All other abbreviations used in this specification refer to scientifically accepted notations.
Of necessity, we have had to demonstrate our processes using wild guayule shrub native to Texas. We believe that our disclosed processes would give essentially the same results with cultivated guayule shrubs of all varieties and of generally higher rubber content.
Those skilled in the art have long recognized that direct solvent extraction of rubber from guayule shrub seems to offer many advantages over water flotation. The primary advantage would be elimination of many processing steps including parboiling and/or pressure cooking; wet-milling; addition of acid, alkali, surfactants, etc.; flotation; water washing; and several drying and purification steps. Subsidiary advantages to be expected from solvent extraction in comparison to water flotation are large savings in process water (guayule grows and is processed in arid regions), possible improved resin yields and lower heavy-metal contamination of the rubber and the provisions for solution-phase purification as an integral component of the operation. However, solvent extraction of rubber from guayule, though often studied, has been found completely impractical on a scale, heretofore. In fact, the earliest industrial processes for guayule were based on solvent extraction but were found impractically difficult and expensive and were replaced by wet-milling techniques, see U.S. Pat. No. 982,373. A solvent extraction is contemplated in U.S. Pat. No. 1,695,676 wherein the cell walls of the guayule shrub are first broken down by penetrating the plant material with high pressure gas and suddenly releasing it to effect an instantaneous expansion. The advantages of this process are diminished by the expense of the requisite high pressure equipment and the inherent inefficiency of a batch-type procedure.

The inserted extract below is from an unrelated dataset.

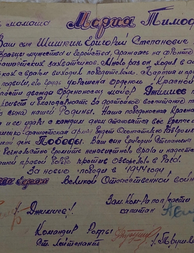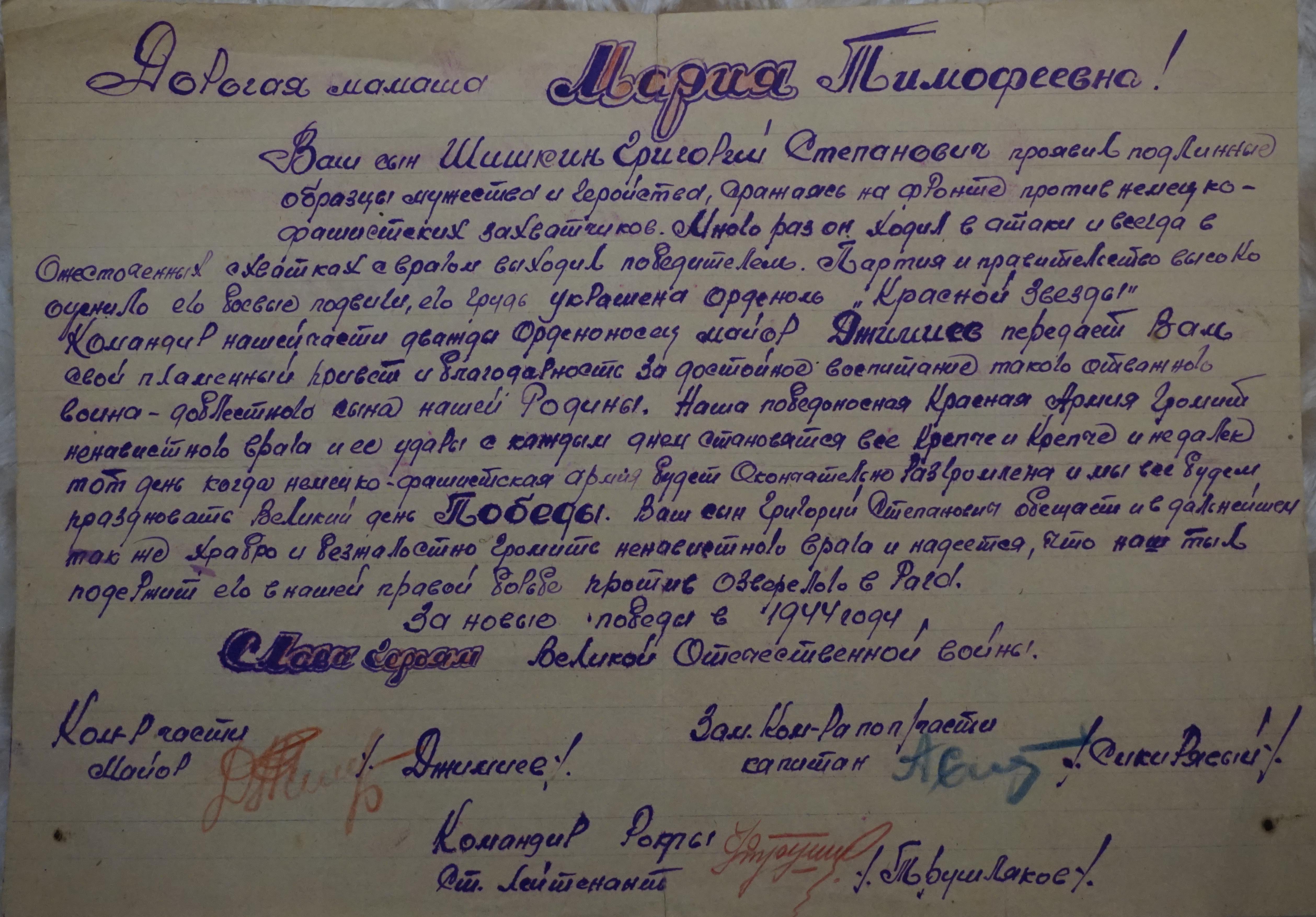 Письмо командования части, где воевал Григорий Степанович Шишкин, его матери. Шишкин Григорий Степанович родился 27 ноября 1924 года в селе Старая Криуша Воронежской области. До ВОВ учился в школе, был Комсомольским активистом. Сообщение о начале войны застало его когда он отдыхал у своих дедушки и бабушки. Заканчивает 10 - ый класс в 1942 году и был призван в Красную Армию. Попал в танковое училище, закончил его, получил танк с завода и был направлен в 1 - ый танковый батальон 118 - ой отдельной танковой бригады. Был командиром танка, комсоргом, а потом командиром танкового взвода. Сражался доблестно и храбро, о чём свидетельствуют четыре боевых ордена, но в бою 20 - го июля 1944 года получил тяжёлое ранение в руку. К сожалению, руку пришлось ампутировать, но Григорий Степанович не сдался - поступил и окончил Московский институт народного хозяйства им. Плеханова, работал, последняя должность - начальник отдела Государственного Комитета по ценам.

As is well known, the fundamental problem in solvent extraction of rubber from plant materials is that rubber is a high molecular weight polymer which is difficult to pass through cell walls and membranous tissue even when in solution. Thus, in order to accomplish solvent extraction of rubber, the plant structure has to be very thoroughly disrupted.
U.S. Pat. No. 4,136,131, is directed to the extraction of rubber or rubber-like materials from fibrous plants, such as guayule, wherein said plants are subjected to simultaneous compression and high shear forces under nonaqueous conditions to result in (1) comminuted fibrous matter and (2) rubber-like substances which cohere into a plastic mass; this mass is shaped into particles; said rubber-like substances are then solvent extracted followed by recovering same from said solvent.
Additional prior art patents, background in nature, include U.S. Pat. Nos. 1,753,185; 2,744,125; 2,666,317; 2,618,670; 2,572,046 and 2,549,763.
The most recent U.S. patent we are aware of is U.S. Pat. No. 4,159,903; this patent is directed to the improved production of high molecular weight polyisoprene rubber by administering to plants, such as guayule an amine-type growth regulator. In column 4, lines 25-27 it is stated that the natural rubber latex in guayule is found in all parts of the plant but the leaves; it is then stated that the entire plant, except the leaves must be processed to extract the rubber.